Liu writes that “previous studies have reported mixed results, with some finding inferior mechanical performance of GME printed parts compared to FME counterparts, while others reported comparable or slightly better performance.” But these studies were “limited to tensile or flexural performance evaluations” and “lacked a clear explanation to support them,” he says.

Taking a more exhaustive approach, Liu’s comparison tests included tensile tests, impact tests, 3-point bending tests, and hardness tests, to reveal the comprehensive mechanical properties of the printed parts. Plus, his team carried out part analysis with a scanning electron microscope (SEM), differential scanning calorimetry (DSC), thermal imaging, rheological tests, and gel permeation chromatography (GPC).

How Was Printing Compared

The study used polylactic acid (PLA) filament in a 1.75 mm diameter from Real Filament of Wateringen, Netherlands. As the pellet material, the same filament was used, only cut into 1 – 2.5 mm pieces with scissors. The printer was a Creality Ender 3 Pro used out-of-the-box with filament, then modified with a pellet material extrusion head from Mahor and a Nema 17 Stepper Motor to drive the single screw extruder.

Most printing parameters, except for extrusion speed and print speed, were set to the same values for both printing methods.

A Few Points of Difference

Although the parts compared differed very little in nearly all aspects, there were a few points where Liu found a contrast.

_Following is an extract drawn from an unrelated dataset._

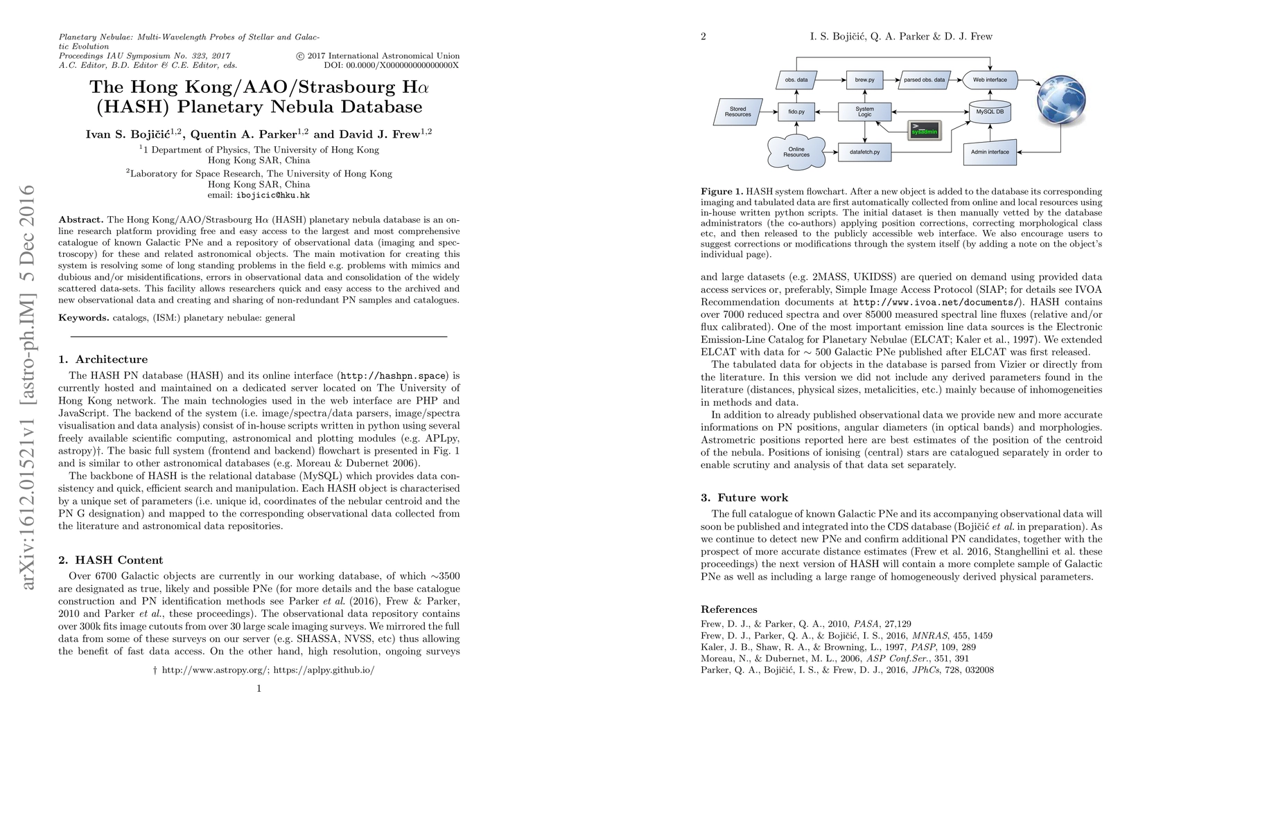 The Hong Kong/AAO/Strasbourg Halpha (HASH) planetary nebula database is an online research platform providing free and easy access to the largest and most comprehensive catalogue of known Galactic planetary nebulae (PNe) and a repository of observational data (imaging and spectroscopy) for these and related astronomical objects. The main motivation for creating this system is resolving some of long standing problems in the field e.g. problems with mimics and dubious and/or misidentifications, errors in observational data and consolidation of the widely scattered data-sets. This facility allows researchers quick and easy access to the archived and new observational data and creating and sharing of non-redundant PN samples and catalogues.

The average molecular weights of pellet printed samples were higher than those of filament ones, which can be attributed to the lower actual temperature of the pellet extrusion chamber due to “its different location among the heater, thermistor, and melting chamber compared to the filament extrusion head,” the study says.

This is why the results for mechanical properties — tensile strength, flexural strength and impact strength — of pellet samples were slightly higher than those of the filament counterparts. “The higher the molecular weight, the better the tensile, flexural and impact performances since the higher degree of entanglement of polymer chains in the amorphous regions of polymer results in higher movement resistance,” the report explains.

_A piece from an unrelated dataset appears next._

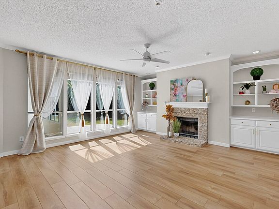 Stylish brick fireplaceOpen floor planExpansive windowArched windowsDedicated workspaceGranite countertopsGenerous windows

Pellet prints has a slightly lower average hardness value than the filament specimens, which can be attributed to their rougher surfaces and slightly lower density, according to the report. Average Shore D values were 81.44 for pellets and 82.28 for filament.

Liu concludes that with comparable mechanical properties, 3D printing with pellet material avoids the need for the filament fabrication step, saving time and money.

Although the study did not evaluate printing with recycled or scrap material, it extrapolates that pellet printing “has the capability of recycling thermoplastic wastes and printing heat-sensitive materials directly in granule form” resulting “in cost savings, reduced environmental impact, and more efficient and streamlined 3D printing workflows.”